Hume a déclaré qu’elle avait récemment rencontré une femme yézidie qui aurait été réduite en esclavage par des groupes liés à l’État islamique lorsqu’elle était enfant.
“Le traumatisme qu’a subi cette femme est inimaginable. Et maintenant, des gens comme ses ravisseurs ont été invités ici pour régler leur vie”, a-t-il déclaré.
“S’ils font face non seulement à toute la force de la loi, mais aussi à la punition appropriée pour ce crime odieux, c’est dans ce gouvernement”, a-t-il déclaré.
Le ministre de la Santé, Mark Butler, a rejeté ces critiques, insistant sur le fait que les agences de sécurité nationale avaient passé des années à préparer l’arrivée des femmes.
“Nos agences de sécurité se préparent pour cette journée depuis plus d’une décennie”, a déclaré Butler.
“Les gens doivent être sûrs que nous avons un bon plan.”
Les affrontements se sont intensifiés et Butler a accusé le gouvernement de coalition d’avoir autorisé 40 personnes à rentrer dans le pays pendant son mandat.
“Les enfants, Mark, les enfants”, coupa Hume.
“Non, vous rachetez aussi des combattants, Jane… pas seulement une femme mais un combattant”, rétorqua Butler.
Jeudi, à Sunrise, l’ancien surintendant de la police de Nouvelle-Galles du Sud, Rob Critchlow, a estimé que le coût de la surveillance pourrait atteindre environ 2 millions de dollars par personne et par an.

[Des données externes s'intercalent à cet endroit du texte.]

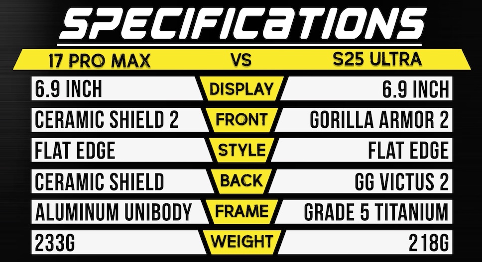 ความน่าสนใจก็คือ iPhone 17 Pro Max ใช้กรอบตัวเครื่องอะลูมิเนียมแบบ Unibody ส่วนที่เป็นกระจกด้านหลังใช้ Ceramic Shield ทนการแตกร้าวได้ดีขึ้น 4 เท่า เมื่อเทียบกับกระจกด้านหลังของรุ่นก่อนๆ และปกป้องด้านหน้าด้วย Ceramic Shield 2 ซึ่งทนต่อการขีดข่วนได้ดีขึ้น 3 เท่า ทางด้าน Galaxy S25 Ultra ใช้กรอบไทเทเนียม และด้านหน้าเป็น Gorilla Armor 2

Butler a refusé de dire combien d’argent des contribuables serait utilisé pour surveiller les femmes et financer des programmes de réhabilitation, mais a reconnu que “des ressources importantes des contribuables” seraient nécessaires par le biais de la police et des agences de renseignement d’État et fédérales.
“Nous avons besoin des ressources de notre agence pour surveiller les risques pour la communauté”, a-t-il déclaré.
“Notre agence ne divulguera pas tous les aspects de ses opérations pour assurer la sécurité de nos communautés.”
“Votre public peut être assuré que ces plans sont bien établis, qu’ils sont en préparation depuis des années et qu’ils seront les meilleurs plans pour assurer la sécurité de nos communautés”, a-t-il déclaré.
La femme devrait être accusée de crimes contre l’humanité, d’esclavage et d’appartenance à une organisation terroriste, et sera jugée vendredi.